Configuration

CAPELLINI is driven by a single YAML configuration file that you provide. The package does not ship any bundled configs: it simply remembers the path of the last config you loaded — stored at ~/.capellini/last_config — and re-uses it on the next run.

In the terminal UI, point CAPELLINI at your YAML via Settings → Load config. Programmatic users pass the path directly:

from capellini import CapelliniConfig, CapelliniPipeline

cfg = CapelliniConfig.from_yaml("/path/to/your_config.yaml")
CapelliniPipeline(cfg).run_all()

Key parameters

Parameter

Default

Meaning

species_level

false

Genus-level (false) vs species-level (true) target resolution

BACTERIA_TAXONOMY_RANK

target_taxids

Rank used to aggregate bacteria for the network stage

PREVALENCE

0.10

Keep features present in ≥ 10 % of samples

CRISPR_SMOOTH_ALPHA

0.95

Strength of taxonomy smoothing applied to W

LAM (η in the paper)

0.5

Strength of CRISPR-informed abundance propagation

N_STEPS

1

Number of message-passing updates

fdr

0.05

SpacePHARER FDR threshold

min_n_spacers

3

MinCED minimum spacers per array

Inputs

CAPELLINI expects, per cohort:

  • Raw 16S rRNA amplicon FASTQ files (forward, reverse, or paired).

  • A viral contig FASTA (e.g. ViroProfiler output).
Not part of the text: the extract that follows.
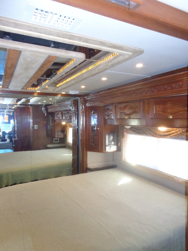 | Top of the line luxury Coach: Detroit 60 series Diesel, 500 HP Engine, known as the million mile engine, only 79,000 miles. New Tires, New Lifeline Batteries, New front window screans and attractive wheel covers, New Clothes washer, seperate Dryer, New winegard Traveler Fully Automatic Sat, both Dish and Direct TV Capabilities available, bedroom coach monitoring with camera, King bed, storage under bed, Aqua hot water heating for both coach and water, plus roof air heat pumps, dishwasher, all electric blinds, double sinks, pull out table that can seat 4-5 people easy, 2 burner gas cook top range, electric flush porcelain toilet, 12500 KW diesel generator low hours, microwave convection oven, tub shower combo, large closet with lots of storage, real wood doors, Ralph Laurin 9 way leather power driver-passenger seats along with twin leather sofas 'two slide out trays in basement, with 4 very large storage areas, built in separate GPS/ coach monitoring units/ Sat in radio. Fiberglass painted roof. Auto leveling feature. Decorative lighted ceilings. Drives like a dream, won't find a nicer clean coach anywhere. Ready to go now. Located at Towerpoint Resort Mesa. |

  • A sample metadata CSV used to align bacterial and viral abundances.

  • The SILVA reference (Release 138.1) and SILVA taxmap.

All output folders under base/ are created automatically.

Outputs

For each study, CAPELLINI writes under Enhanced Networks/<study>/:

  • common/ — aligned, prevalence-filtered V, B, and metadata tables.

  • shrinkage/ — Schäfer–Strimmer shrinkage correlations on the CLR-stacked \(Z = [B^{\mathrm{CLR}}\ V^{\mathrm{CLR}}]\).

  • crispr_raw/ and crispr_smooth/ — raw and taxonomy-smoothed CRISPR matrices (\(W\), \(\tilde{W}\)).

  • xstar/ — host-informed abundances \(Z^*\) from convex and residual message-passing variants.